1. At lunch time, sit in your parked car with sunglasses on and point a hair dryer at passing cars.  See if they slow down.

2. Leave the copy machine set to reduce 200%, extra dark, 17-inch paper, 99 copies.

3. Page yourself over the intercom.  Don't disguise your voice.

4. Every time someone asks you to do something, ask if they want fries with that.

5. Put your garbage can on your desk and label it "In".

6. Put decaf in the coffee maker for 3 weeks.  Once everyone has gotten over their caffeine addictions, switch to Espresso.

7. If you have a glass eye, tap on it with your pen while talking to others.

8. Stomp on little plastic ketchup packets.

9. Disassemble your pen and "accidentally" flip the cartridge across the room.

10. Holler random numbers while someone is counting.

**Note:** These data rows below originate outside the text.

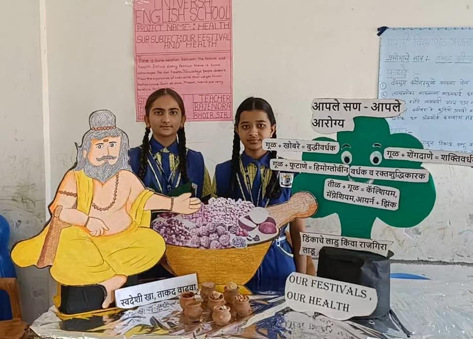 त्यात युनिव्हर्सल शाळेच्या विद्यार्थ्यांनी कुमारी अल्विया मुल्ला व कुमारी भावना पाटील यांनी तयार केलेल्या *आपले सण आपले आरोग्य* या विज्ञान प्रकल्पाने प्रथम क्रमांक पटकावला.त्यांनी केलेल्या मेहनतीमुळे व आलेल्या प्रथम क्रमांकामुळे या विद्यार्थिनींना आनंद अश्रू त्यांच्या डोळ्यात दिसले. त्यांच्या पुढील जिल्हास्तरीय स्पर्धेसाठी शाळेचे अध्यक्ष मा. इर्शाद मुल्ला, सचिव मा. हर्षद मेघपुरिया, सर्व संचालक मंडळ, मुख्याध्यापिका पायल मेघपुरिया व मार्गदर्शक राजेंद्र भोईर व इतर शिक्षक वृंद यांनी शुभेच्छा दिल्या.
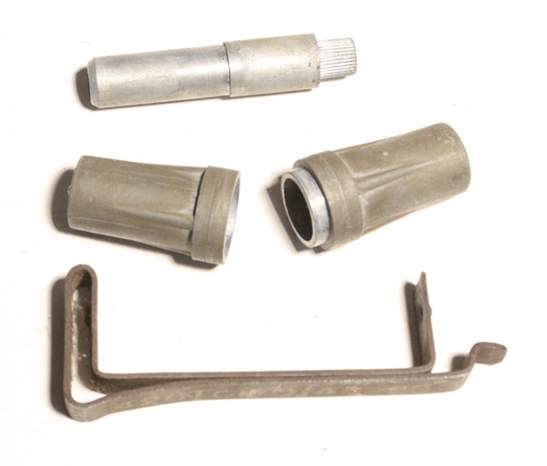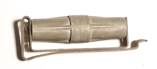 Fuze for PIAT rouind is held in a cast metal holder clipped to the tail of the round using a spring clip. Fuze holder 2 inches long and contains an inert fuze.
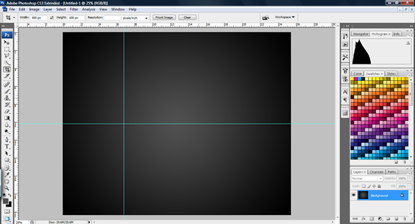 To create the background, set your foreground color to #505050 and then use the gradient tool and select the radial setting. Drag from the centre outwards to get a soft glow in the middle of the image.
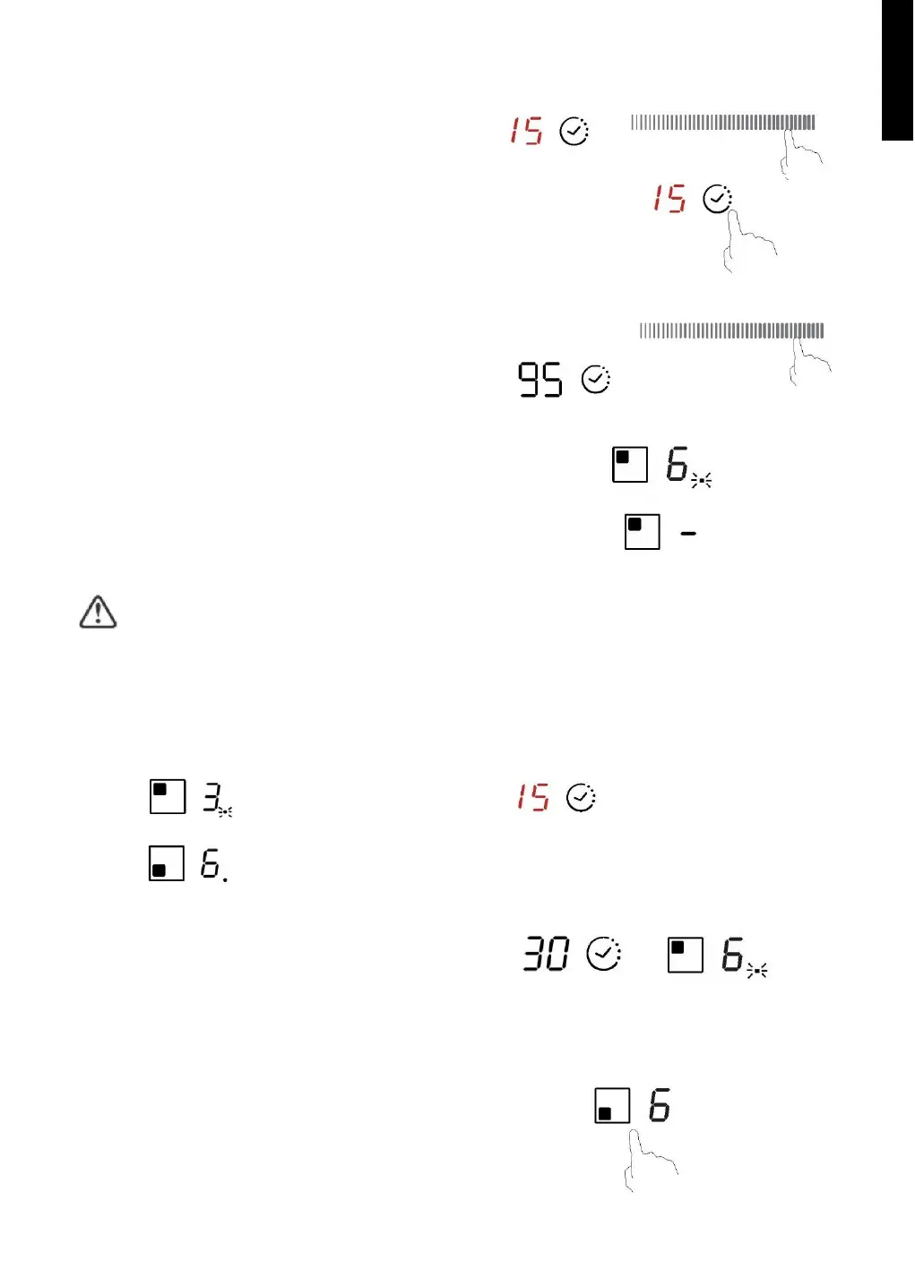 za kuvanje. Displej minuta prikazuje minimalni tajmer. Tačka odgovarajuće zone treperi.
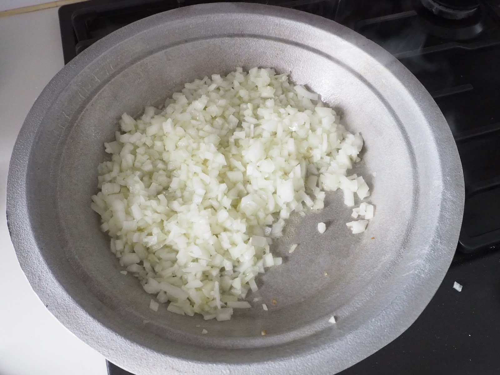 - Calentamos un poco de aceite en la base del tajín y ponemos a dorar la cebolla.

11. Adjust the tint on your TV so that all the people are green, and insist to others that you "like it that way."

12. In the memo field of all your checks, write "For sexual favors".

13. Finish all your sentences with "in accordance with the prophecy."

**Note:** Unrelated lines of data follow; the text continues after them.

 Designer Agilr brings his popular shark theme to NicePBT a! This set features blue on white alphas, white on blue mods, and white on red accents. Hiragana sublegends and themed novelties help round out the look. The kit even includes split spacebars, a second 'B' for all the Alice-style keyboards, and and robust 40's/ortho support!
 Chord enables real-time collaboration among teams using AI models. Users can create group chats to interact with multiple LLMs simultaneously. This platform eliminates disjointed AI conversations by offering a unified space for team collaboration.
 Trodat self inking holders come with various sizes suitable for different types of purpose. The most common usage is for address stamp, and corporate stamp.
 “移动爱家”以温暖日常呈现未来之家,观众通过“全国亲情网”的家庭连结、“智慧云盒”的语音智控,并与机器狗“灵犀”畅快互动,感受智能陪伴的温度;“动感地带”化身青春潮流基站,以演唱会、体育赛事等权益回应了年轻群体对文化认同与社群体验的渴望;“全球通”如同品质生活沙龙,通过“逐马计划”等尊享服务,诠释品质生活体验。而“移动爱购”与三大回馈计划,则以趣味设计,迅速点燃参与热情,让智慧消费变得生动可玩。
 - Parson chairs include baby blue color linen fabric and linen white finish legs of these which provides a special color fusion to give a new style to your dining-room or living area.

14. Insist on keeping your car windshield wipers running in all weather conditions "to keep them tuned up."

15. Reply to everything someone says with "that's what YOU think."

16. Staple papers in the middle of the page.


18. type only in lowercase.

19 don t use any punctuation either

20. As often as possible, skip rather than walk.

21. Practice making fax and modem noises.

22. Highlight irrelevant material in scientific papers and cc: them to your boss.

23. Make beeping noises when a large person backs up.

24. Ask people what sex they are.  Laugh hysterically after they answer.

25. Specify that your drive-through order is "To go."

26. Sing along at the opera.

27. Go to a poetry recital and ask why the poems don't rhyme.

28. Put mosquito netting around your work area and play tropical sounds all day.

29. Signal that a conversation is over by clamping your hands over your ears.

30. Five days in advance, tell your friends you can't attend their party because you're not in the mood.

31. Have your coworkers address you by your wrestling name, Rock Hard.

32. While making presentations, occasionally bob your head like a parakeet.

33. Publicly investigate just how slowly you can make a "croaking" noise.

34. Ask your co-workers mysterious questions and then scribble the answers in a notebook. Mutter something about "psychological profiles."

35. Honk and wave to strangers.

36. Decline to be seated at a restaurant, and simply eat their complimentary mints by the cash register.

37. When the money comes out the ATM, scream "I won!, I won!"     

38. When leaving the zoo, start running towards the parking lot, yelling "run for your lives, they're loose!!"

39. Buy a large quantity of orange traffic cones and reroute whole streets.

40. Repeat the following conversation a dozen times: "Do you hear that?", "What?" "Never mind, it's gone now."

41. Try playing the William Tell Overture (The Lone Ranger Theme) by tapping on the bottom of your chin. When nearly done, announce, "no, wait, I messed it up," and repeat.

42. Tell your children over dinner, "Due to the economy, we are going to have to let one of you go."